Dans une certaine mesure, Rineke Dijkstra peut être considérée comme l’inspiratrice d’une nouvelle manière de faire des
images de mode sur des théâtres d’opération, avec de vrais combattants : la fashion war photography, promise à un certain succès.
A l’époque où le travail que nous avons évoqué est conçu (2000), l’influence de la mode transite de préférence par le canal de
l’art. Elle peut difficilement s’implanter dans le reportage. Aujourd’hui, le cas exemplaire de Philippe Dudouit montre à quel
point elle progresse rapidement. Ce jeune photographe accompagne des combattants albanais de l’UCK en Macédoine en
2001 (ill. 4). Pas question pour lui de saborder les idéaux de photo-reporter et donc l’engagement sur le terrain, pour réaliser
des images à la sauvette, dans l’urgence. Il côtoie durant plusieurs mois les miliciens, fait leur connaissance, négocie les
photographies. En dépit de ses principes et de sa méfiance vis-à-vis de la photographie de mode, Philippe Dudouit doit s'y
aventurer, convaincu qu’il ne peut plus faire autrement pour attirer l’attention de l’opinion publique sur les réalités des guerres.

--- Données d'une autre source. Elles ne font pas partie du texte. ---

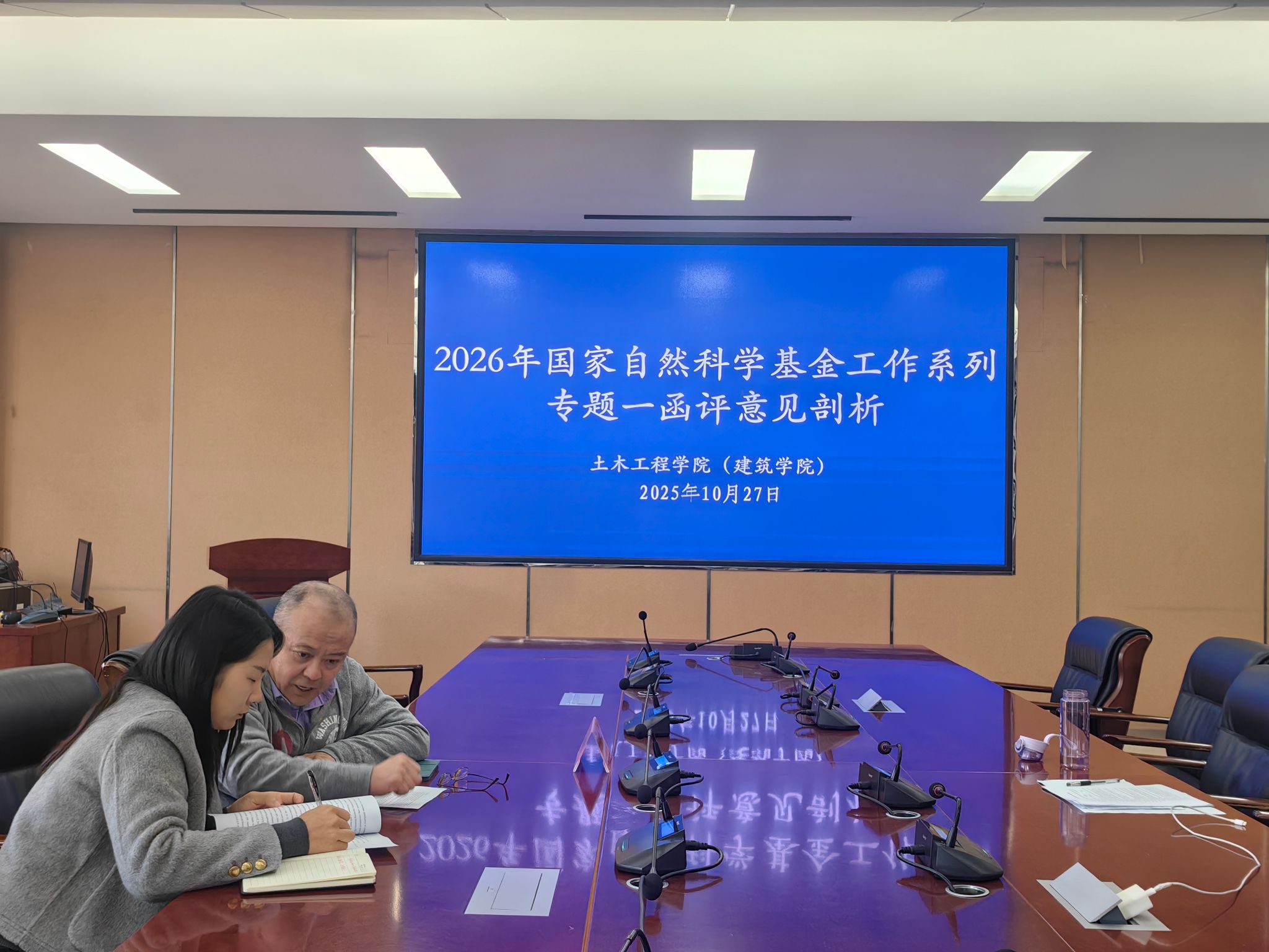为精准备战2026年国基金申报,夯实申报基础,提升命中率学院20251017日下午、1020日下午和1027日全天在32208会议室召开2026年国家自然科学基金工作系列专题一函评意见剖析会,会议旨在通过对2025年国基金函评意见的总结与反思,靶向问题、精准把脉。院长丁永刚、学术副院长徐志军和2026年学院全体基金申报人参加了会议,会议由学术副院长徐志军主持。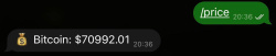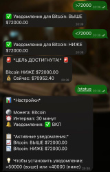 Возможность выставить алерты, напишите ему <72000 (любое число) и бот пришлет уведомление когда цена снизиться не смотря на время уведомлений.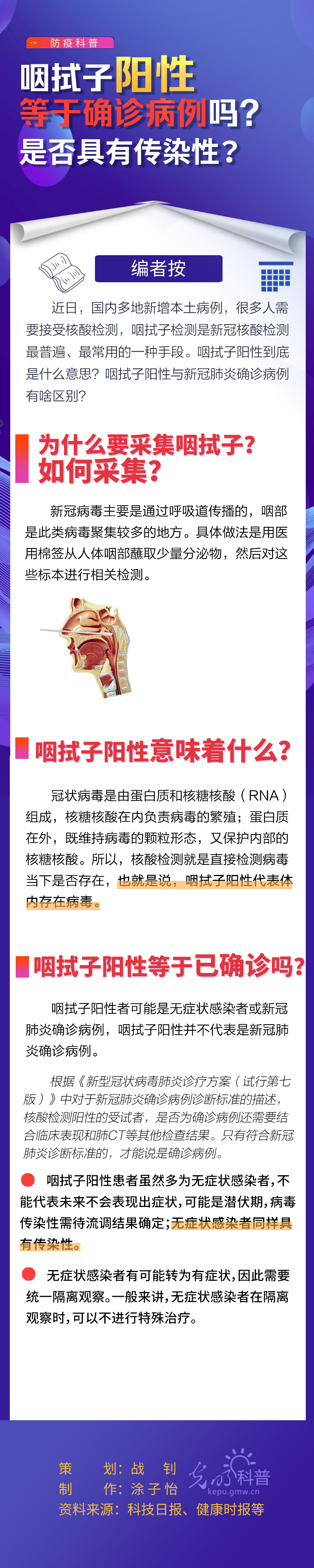 【防疫科普】咽拭子阳性等于确诊病例吗?是否具有传染性?
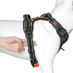 Note: When the dog harness is well adjusted, you should be able to fit 2 fingers between the harness and any part of your dog’s body.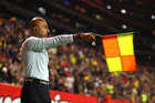 Tijuana, Baja California, 9 de enero de 2026. Michel Ricardo Espinoza, árbitro asistente, durante el partido correspondiente a la jornada 1 del torneo Clausura 2026 de la Liga BBVA MX, entre los Xolos de Tijuana y las Águilas del América, realizado en el estadio Caliente. Foto: Imago7/ David Vega
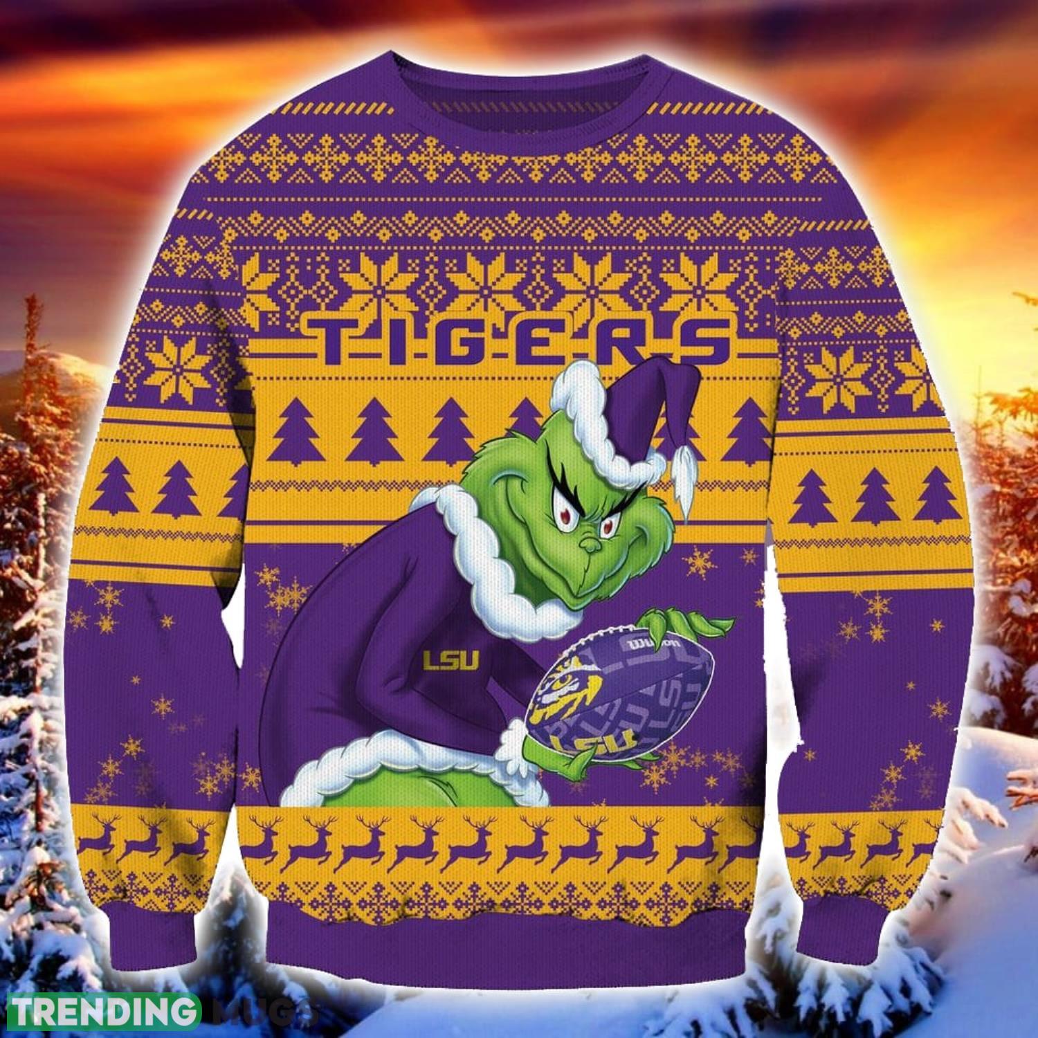 NCAA LSU Tigers Grinch Ugly Christmas Sweater Trending Sweater For 2023 Christmas Holidays Product Photo 1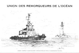 A greeting card for Althom Atlantique, Ship and motor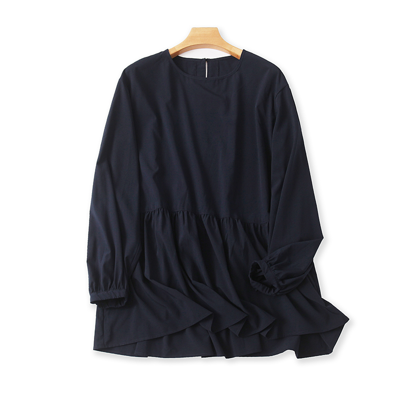 圆领中长款连衣裙 夏季新款荷叶边长袖打底宽松百搭女裙子 R/18-2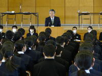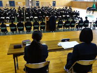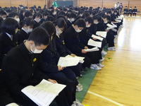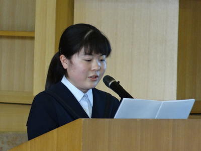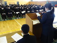 最後に、「社会を明るくする運動」作文コンテストで福島県推進委員会優秀賞を受賞した根本晴生君(3年)と「明るい社会づくり」作文コンクールで県知事賞を受賞した藤井花さん(3年)が全校生に向けて作品の朗読をしました。生徒たちは自分の日常生活での経験を思い起こしながら静かに聞き入っていました。

Ses images sont donc posées, mises en scène et produites avec un type d’éclairage fréquemment utilisé dans la photographie
de mode, la « vue américaine » (sur-exposition du premier plan, sous exposition de l’arrière-plan).
L’exemple du reportage de guerre, jusqu’ici chasse gardée, avec son fonctionnement très particulier, ses règles spécifiques,
est révélateur des forces qui travaillent la photographie, l’attirant hors de ses limites ou infléchissant sa trajectoire. La mode
n’est toutefois pas le seul facteur de polarisation. L’art, par la prégnance de ses modèles, joue même dans ce domaine un rôle
depuis plus longtemps. Le photographe Sebastiao Salgado a été montré du doigt à plusieurs reprises ces dernières années
pour avoir fabriqué des icônes, au sens actuel d’images inspirées de l’iconographie chrétienne. Le photo-journaliste de guerre
James Nachtwey semble s’engager dans une voie parallèle. Se détournant de la tradition de reportage dont il est issu, il
sélectionne soigneusement des photographies qui se distinguent de la masse des autres documents par leur perfection
graphique et qui de ce fait peuvent aussi être qualifiées d’icônes. Le spectateur ne pourra qu’en conclure qu’il est en présence
d’une démarche dépassant le simple reportage et aspirant au statut d’œuvre d’art.
Pour ces nombreuses expressions photographiques, les références sont accessibles et très largement disponibles. Les allers et
retours sont constants et la balle rebondit d'un champ à l'autre, relançant l'icône dans ce qu'elle a de plus prometteur: lorsque
le signe qu'elle symbolise associe naturellement le signifiant au signifié. Il est dès lors possible de dégager un autre constat:
les jeux de rôles que permettent les usages multiples de l'image photographique montrent les limites des classifications
traditionnelles. Celles-ci ne résistent plus à l'analyse des enjeux et le brouillage des pistes visuelles montre que seule
l'intention donne, in fine, le sens. Le stock d'icônes est activé et chacune d'elle peut, conformément aux objectifs du créateur,
être réinjectée de contenu et ouvrir ainsi sur de nouvelles lectures.
Jean-Christophe Blaser est conservateur au Musée de l’Elysée.
Chantal Prod'Hom est directrice du mu.dac de Lausanne.